Horst Lahmann von der Niedersächsischen Landeszentrale für politische Bildung erklärte zu dem Vorgang in einer offiziellen Stellungnahme: »Die Äußerungen des pensionierten Mitarbeiters Julius H. Krizsan der Gedenkstätte Bergen-Belsen, in denen eine Gleichsetzung der nationalsozialistischen Vernichtungspolitik in Polen und der aktuellen israelischen Besatzungspolitik in den palästinensischen Gebieten vorgenommen wird, stellen in keiner Weise die Auffassungen der Niedersächsischen Landeszentrale für politische Bildung und der Gedenkstätte Bergen-Belsen dar. (...) Es ist erschütternd, wie ein langjähriger Mitarbeiter der Gedenkstätte Bergen-Belsen in seinen Auffassungen zu diesen Formen der Geschichtsklitterung sowie einer Relativierung und Revision der NS-Verbrechen gegen die jüdische und polnische Bevölkerung kommt.«

Um den guten Ruf der Gedenkstätte ist ihr Leiter Rahe nach eigener Ausage nicht besorgt, da er so schnell und umgehend »die Konsequenzen« gezogen habe. Ganz im Gegenteil: »Ich schätze es sehr, wenn solche Vorgänge an die Öffentlichkeit geraten.« Allerdings wurde aus der Umgebung der Gedenkstätte bekannt, dass es sich bei Krizsans Äußerungen keineswegs um einen einmaligen Ausrutscher gehandelt haben soll. Ahistorische Vergleiche seien demnach in der pädagogischen Arbeit der Gedenkstätte Bergen-Belsen weit verbreitet. Dieses Denken sei jahrelang für die Niedersächsische Landeszentrale für politische Bildung kein Problem gewesen.
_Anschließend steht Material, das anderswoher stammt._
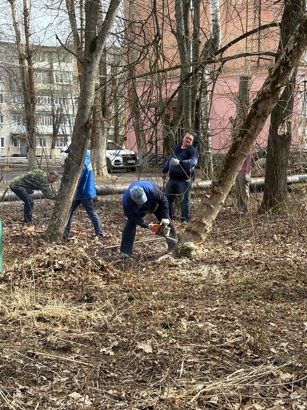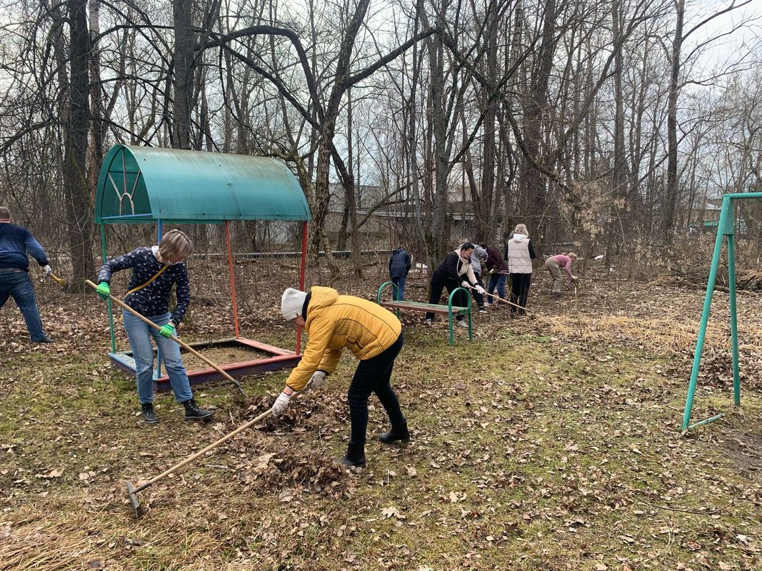 Сотрудники администрации убрали мусор, прошлогоднюю листву, вырубили кустарники на территории детской площадки в микрорайоне «Литера»

Dass »Geschichtsklitterung« und eine »Relativierung und Revision« von NS-Verbrechen nicht nur eine Spezialität Kriszans sind, zeigte schon das Projekt »Unrechtssysteme«, das die Landeszentrale im Jahr 2000 vorstellte. Dabei handelte es sich um eine Kooperation der Gedenkstätte Deutsche Teilung in Marienborn und der Gedenkstätte Bergen-Belsen. Verglichen wurden die »Unrechtssysteme« des Nationalsozialismus und der DDR. Teilnehmer waren Schulklassen.